Posts tagged "conduit":

11 Nov 2020

Combining Amazonka and Conduit

Combining amazonka and conduit turned out to be easier than I had expected.

Here's an SNS sink I put together today

snsSink :: (MonadAWS m, MonadIO m) => T.Text -> C.ConduitT Value C.Void m ()
snsSink topic = do
  C.await >>= \case
    Nothing -> pure ()
    Just msg -> do
      _ <- C.lift $ publishSNS topic (TL.toStrict $ TL.decodeUtf8 $ encode msg)
      snsSink topic

Putting it to use can be done with something like

foo = do
  ...
  awsEnv <- newEnv Discover
  runAWSCond awsEnv $
    <source producing Value> .| snsSink topicArn

  where
    runAWSCond awsEnv = runResourceT . runAWS awsEnv . within Frankfurt . C.runConduit
Tags: amazonka aws conduit haskell
10 Aug 2019

Architecture of a service

Early this summer it was finally time to put this one service I've been working on into our sandbox environment. It's been running without hickups so last week I turned it on for production as well. In this post I thought I'd document the how and why of the service in the hope that someone will find it useful.

The service functions as an interface to external SMS-sending services, offering a single place to change if we find that we are unhappy with the service we're using.1 This service replaces an older one, written in Ruby and no one really dares touch it. Hopefully the Haskell version will prove to be a joy to work with over time.

Overview of the architecture

The service is split into two parts, one web server using scotty, and streaming data processing using conduit. Persistent storage is provided by a PostgreSQL database. The general idea is that events are picked up from the database, acted upon, which in turn results in other events which written to the database. Those are then picked up and round and round we go. The web service accepts requests, turns them into events and writes the to the database.

Hopefully this crude diagram clarifies it somewhat.

2019-08-10-architecture.png
Figure 1: Diagram of the service architecture

There are a few things that might need some explanation

  • In the past we've wanted to have the option to use multiple external SMS services at the same time. One is randomly chosen as the request comes in. There's also a possibility to configure the frequency for each external service.

    Picker implements the random picking and I've written about that earlier in Choosing a conduit randomly.

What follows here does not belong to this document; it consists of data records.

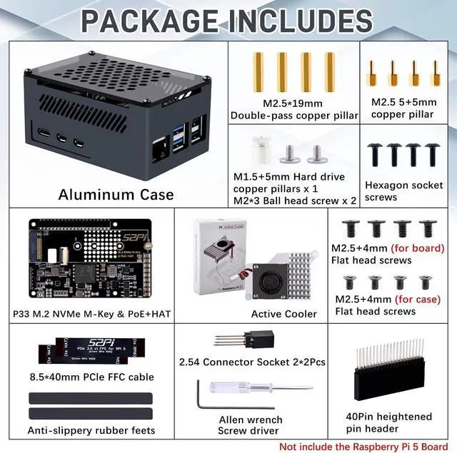 M. 2 Interface --- Utilizes the PCIe interface for high-performance communication between the SSD and Raspberry Pi. falsePower over Ethernet (PoE+) Capability --- Streamlines the power supply setup by allowing the Raspberry Pi 5 to be powered through the Ethernet port. false 5.1V / 4.5A Output --- Ensures that the Raspberry Pi 5 and any connected peripherals receive adequate power for optimal performance. false- Aluminum case is designed for P33 M. 2 NVME M-Key PoE+ Hat. It can access to most of ports of Raspberry Pi Board.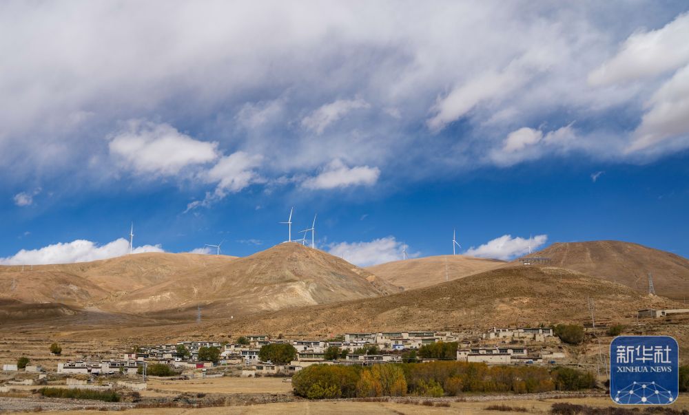 10月17日拍攝的位于西藏日喀則市薩迦縣的風力發(fā)電機組及山腳下的村莊。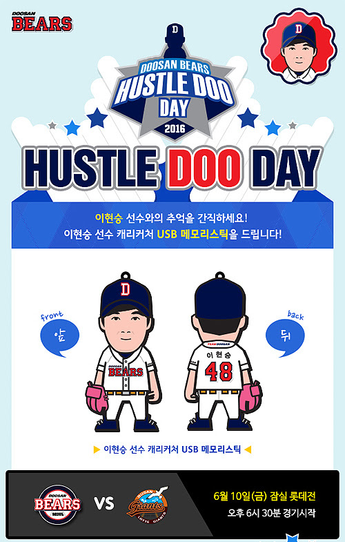 두산베어스는 6월 10일 잠실 롯데전에 '허슬두데이(Hustle Doo Day)' 이벤트를 실시한다.
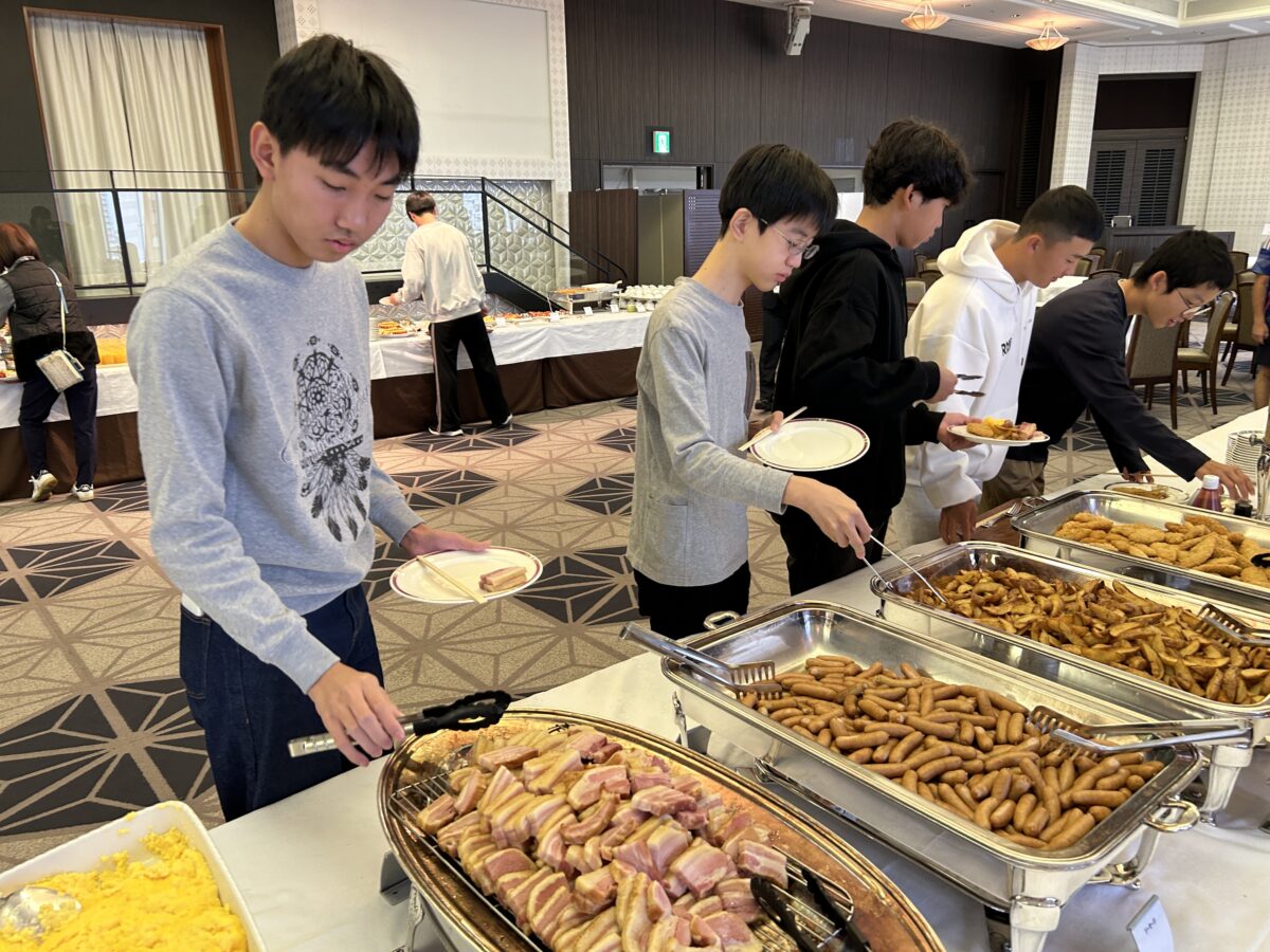 修学旅行2日目のスタートはホテルでの朝食バイキングから。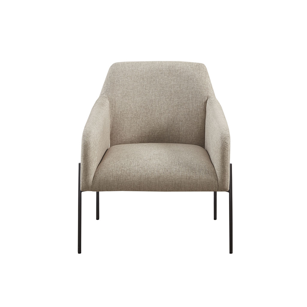 Long Descriptions | Update your living room with modern flair of the Madison Park Calder Metal Leg Accent Chair. This accent chair flaunts a modern design with an upholstered square seat and back framed by track style arms to create a sleek and stylish look. The slender metal legs feature an iron black metal finish to complement the upholstery and complete the contemporary design. With a tight seat and standard back, this accent chair brings a simple modern touch to elevate your living room decor. Leg assembly is required and a tool is included. |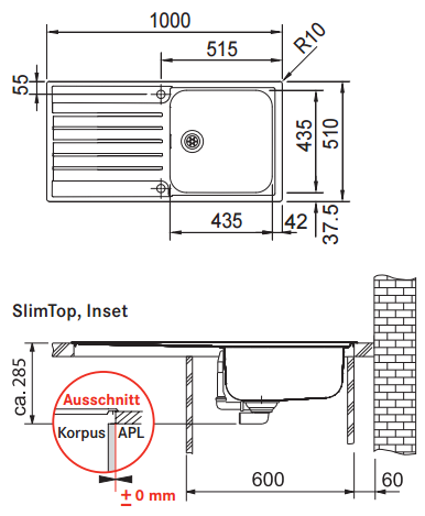 - Spülenmaß: 1000x510mm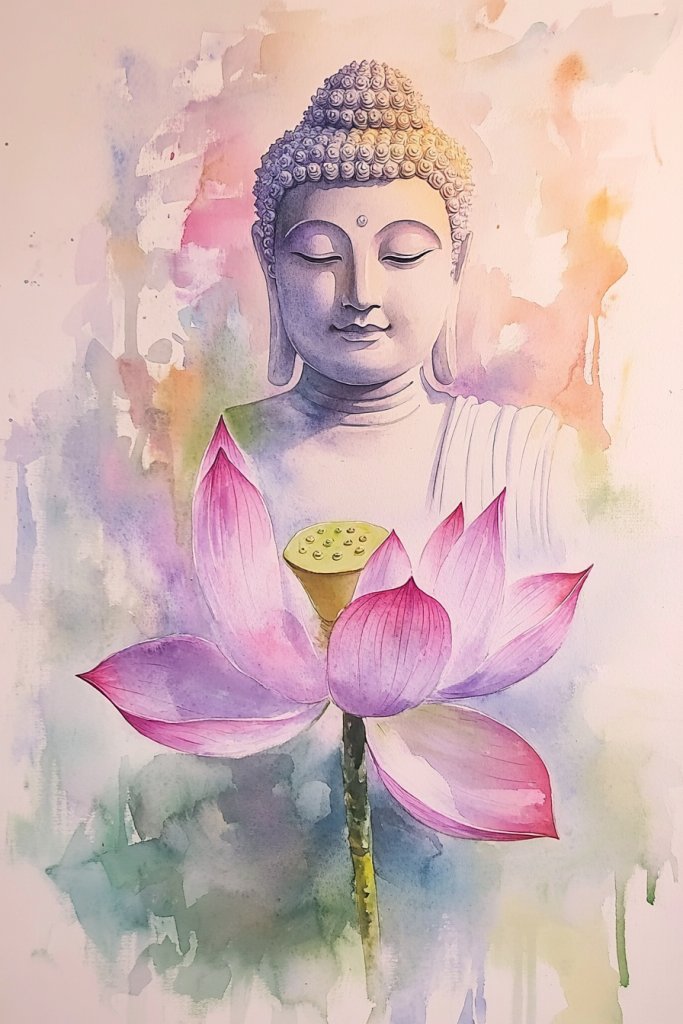 Seeking a symbol of spiritual purity that also feels artistic? The lotus flower represents enlightenment, rebirth, and purity—making it a perfect motif for a Buddha artwork. If you want your decor to reflect deeper meaning without overwhelming, watercolor lotus motifs paired with Buddha can be both subtle and profound. It’s a calming reminder of growth and serenity.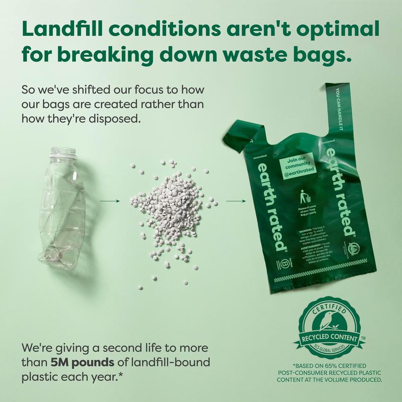 📦 Stash a Roll: Stash a roll in your pocket, treat pouch, backpack, car, or stroller. The "3 Bags Left" sticker ensures you know when you're low. Made with 65% certified post-consumer recycled plastic, saving over 5 million pounds of landfill-bound plastic annually.

    Success and fail are dummy senders. They don't actually send anything, and the former succeeds at it while the latter fails. I found them useful for manual testing.

  • Successfully sending off a request to an external SMS service, getting status 200 back, doesn't actually mean that the SMS has been sent, or even that it ever will be. Due to the nature of SMS messaging there are no guarantees of timeliness at all. Since we are interested in finding out whether an SMS actually is sent a delayed action is scheduled, which will fetch the status of a sent SMS after a certain time (currently 2 minutes). If an SMS hasn't been sent after that time it might as well never be – it's too slow for our end-users.

    This is what report-fetcher and fetcher-func do.

  • The queue sink and queue src are actually sourceTQueue and sinkTQueue. Splitting the stream like that makes it trivial to push in events by using writeTQueue.
  • I use sequenceConduits in order to send a single event to multiple =Conduit=s and then combine all their results back into a single stream. The ease with which this can be done in conduit is one of the main reasons why I choose to use it.2

Effects and tests

I started out writing everything based on a type like ReaderT <my cfg type> IO and using liftIO for effects that needed lifting. This worked nicely while I was setting up the basic structure of the service, but as soon as I hooked in the database I really wanted to do some testing also of the effectful code.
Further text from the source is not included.